- [Task details] Each line of the data below should be restated exactly, with images left out.

- [Dataset section]
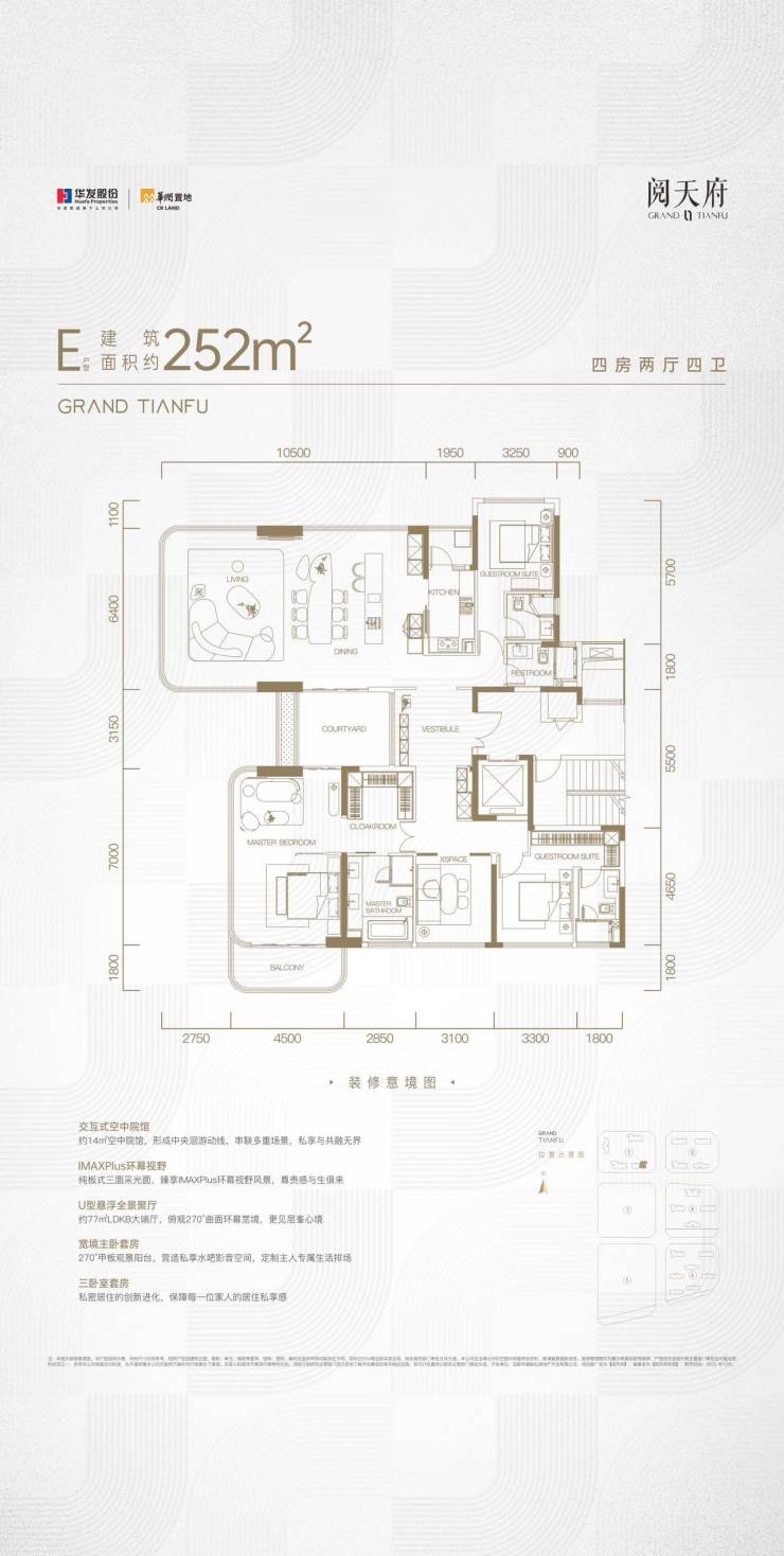 252㎡四居室:单价3.5-4万/㎡,总价890-1020万
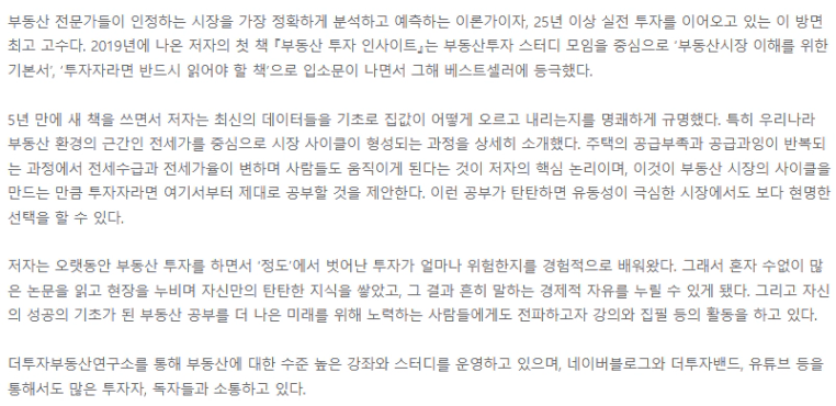 임보를 쓰면서 알고 있다고 생각했던 공급에 대한 기준점과 월세 수요의 의미와 전환되는 이유에 대해서 바로 잡을 수 있었다. 막연하게 이제 '한다'보다는 '알고한다'로 넘겨야 한다고 느끼게 되었다. 데이터로 보았던 부분들의 본질을 배울 수 있었던 책이라 한번 더 재독하고 스스로 적용까지 이어야겠다.
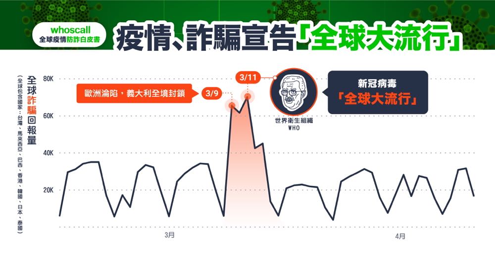 自三月初肺炎疫情快速升溫,短時間內迅速蔓延至全球超過 100 多個國家,其中韓國、義大利、伊朗的確診病例更是直線飆升。就在 3 月 11 日,世界衛生組織 WHO 終於正式宣布 COVID-19 病毒「全球大流行」。全球對疫情的擔憂與恐慌之情,一觸即發。根據 Whoscall 全球資料統計,全球詐騙量也隨之暴增,創下歷史新高!包含台灣、香港、日本、泰國、馬來西亞、巴西,各地詐騙電話的回報數量,都飆漲了 3 倍以上。

- [Task output]
 252㎡四居室:单价3.5-4万/㎡,总价890-1020万
 임보를 쓰면서 알고 있다고 생각했던 공급에 대한 기준점과 월세 수요의 의미와 전환되는 이유에 대해서 바로 잡을 수 있었다. 막연하게 이제 '한다'보다는 '알고한다'로 넘겨야 한다고 느끼게 되었다. 데이터로 보았던 부분들의 본질을 배울 수 있었던 책이라 한번 더 재독하고 스스로 적용까지 이어야겠다.
 自三月初肺炎疫情快速升溫,短時間內迅速蔓延至全球超過 100 多個國家,其中韓國、義大利、伊朗的確診病例更是直線飆升。就在 3 月 11 日,世界衛生組織 WHO 終於正式宣布 COVID-19 病毒「全球大流行」。全球對疫情的擔憂與恐慌之情,一觸即發。根據 Whoscall 全球資料統計,全球詐騙量也隨之暴增,創下歷史新高!包含台灣、香港、日本、泰國、馬來西亞、巴西,各地詐騙電話的回報數量,都飆漲了 3 倍以上。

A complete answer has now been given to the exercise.